Is this the expected behaviour?

Thanks
Bye

-- 
Cesare

Re: setting modifiedTime in DefaultFetchSchedule

Posted by Cesare Zavattari <ce...@ctrl-z-bg.org>.

On Tue, Nov 20, 2012 at 12:12 AM, Sebastian Nagel <
wastl.nagel@googlemail.com> wrote:

> Hi Cesare,
>

Ciao Sebastian and thanks for your email.

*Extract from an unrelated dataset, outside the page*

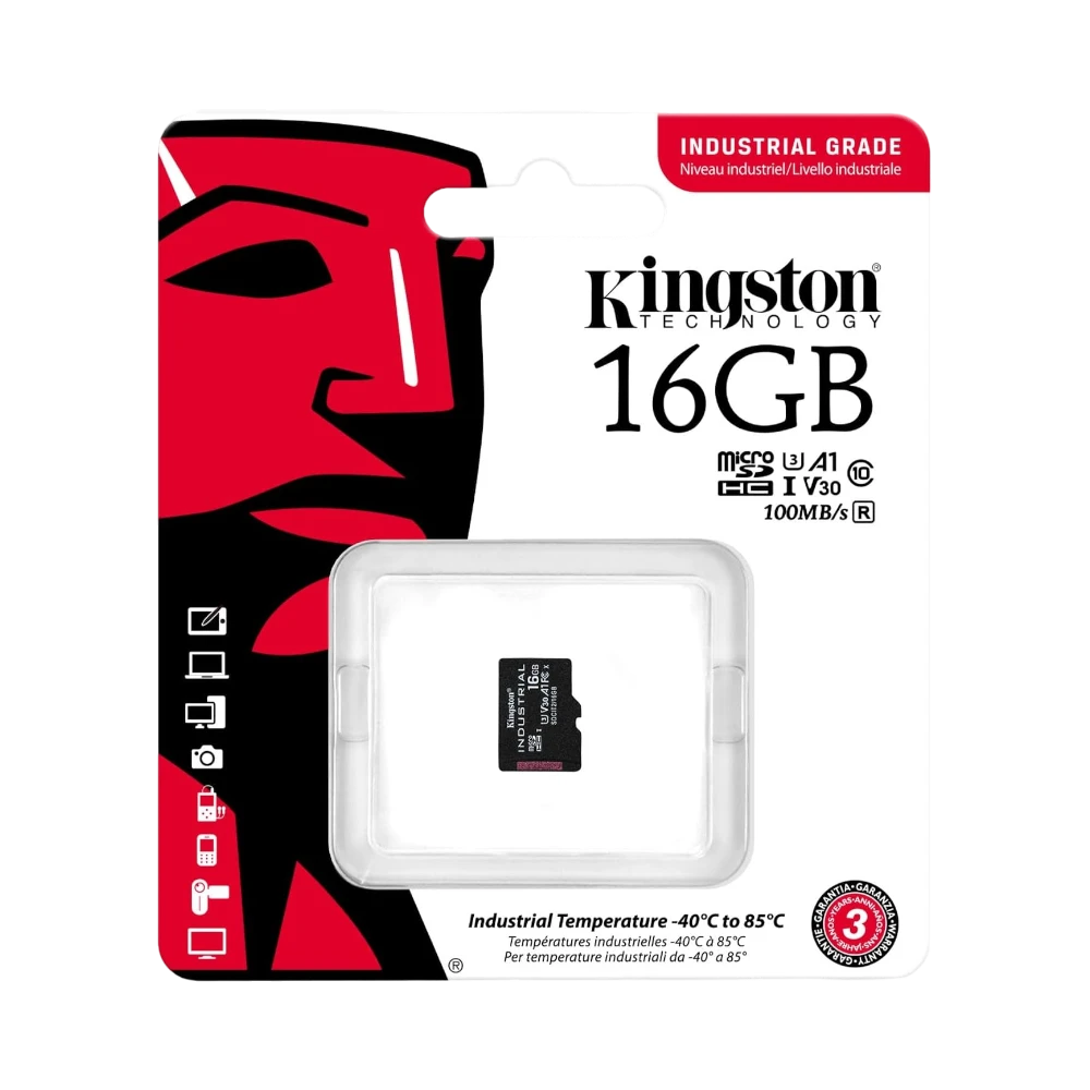 The Kingston SDCIT2/16GBSP is a microSDHC memory card designed to provide 16GB of reliable storage for industrial and embedded applications that require continuous operation in challenging environments. Featuring a pSLC architecture, it offers endurance comparable to more expensive SLC cards, ensuring data integrity even under frequent write-erase cycles. With UHS-I Speed Class U3, Video Class V30, and Application Class A1 ratings, it supports fast data transfers and responsive app performance, making it suitable for devices like single-board computers, IoT gateways, and video streaming systems.

> > modifiedTime = fetchTime;
> > instead of:
> > if (modifiedTime <= 0) modifiedTime = fetchTime;
> This will always overwrite modified time with the time the fetch took
> place.
> I would prefer the way as it's done in AdaptiveFetchSchedule:
> only set modifiedTime if it's unset (=0).
>

here's my problem:

- you fetch a page XXX the first time
- modifiedTime is 0, so it's set to fetchTime
- from now on I'll get 304...
- ... unless XXX changes
- modifiedTime will never be changed and I'll never get 304 again, page
will be always fetched (200) because If-Modified-Since will always be true

this is why I always set modifiedTime. We could skip it if status is
NOTMODIFIED.

The same issue seems to affect AdaptiveFetchSchedule

> I don't know if this is correct (probably not) but at least 304 seems to
> be
> > handled. In particular, in the protocol-file (File.getProtocolOutput)
> I've
> > added a special case for 304:
> >
> > if (code == 304) { // got a not modified response
> >     return new ProtocolOutput(response.toContent(),
> >       ProtocolStatusUtils.makeStatus(ProtocolStatusCodes.NOTMODIFIED));
> >         }
> >
> > I suppose this is NOT the right solution :-)
> At a first glance, it's not bad. Protocol-file needs obviously a revision:
> the 304 is set properly in FileResponse.java but in File.java it is
> treated as
> redirect:
>    else if (code >= 300 && code < 400) { // handle redirect
> So, thanks. Good catch!
>
> Would be great if you could open Jira issues for
> - setting modified time in DefaultSchedule
> - 304 handling in protocol-file
> If you can provide patches, even better. Thanks!
>

I want to be sure about the right solution for setting modifiedTime
properly.

About your problem with removal / re-adding files:
> - a file system is crawled as if linked web pages:
>   a directory is just an HTML page with all files and sub-directories
>   as links.
>

this is clear. Let's consider a page A that links a page B:

A -> B

A is seed. I use the following command:

./nutch crawl urls -depth 2 -topN 5

we crawl it. Ok.
Now let's remove page B.

./nutch crawl urls -depth 2 -topN 5

B gets a 404. Fine.

now let's restore B and crawl again.

This works as expected if A and B are html pages (B is fetched by "./nutch
crawl"). If A is a directory and B is a file, B will never be fetched
again. Moreover, in this case A get a 200 because a new file is added, so
the pasing/generate phases should force the refetch of B, isn't it?

Reproducing it is easy:

mkdir /tmp/files/
echo "AAA" >/tmp/files/aa.txt

the only seed is file://localhost/tmp/files/

./nutch crawl urls -depth 2 -topN 5    // both /tmp/files/ and
/tmp/files/aa.txt are get
rm /tmp/files/aa.txt
./nutch crawl urls -depth 2 -topN 5    // /tmp/files/aa.txt gets a 404
echo "AAA" >/tmp/files/aa.txt
./nutch crawl urls -depth 2 -topN 5    // /tmp/files/ has changed, is get
(200) while aa.txt:

ParserJob: parsing all
Parsing file://localhost/tmp/files/
Skipping file://localhost/tmp/files/aa.txt; different batch id (null)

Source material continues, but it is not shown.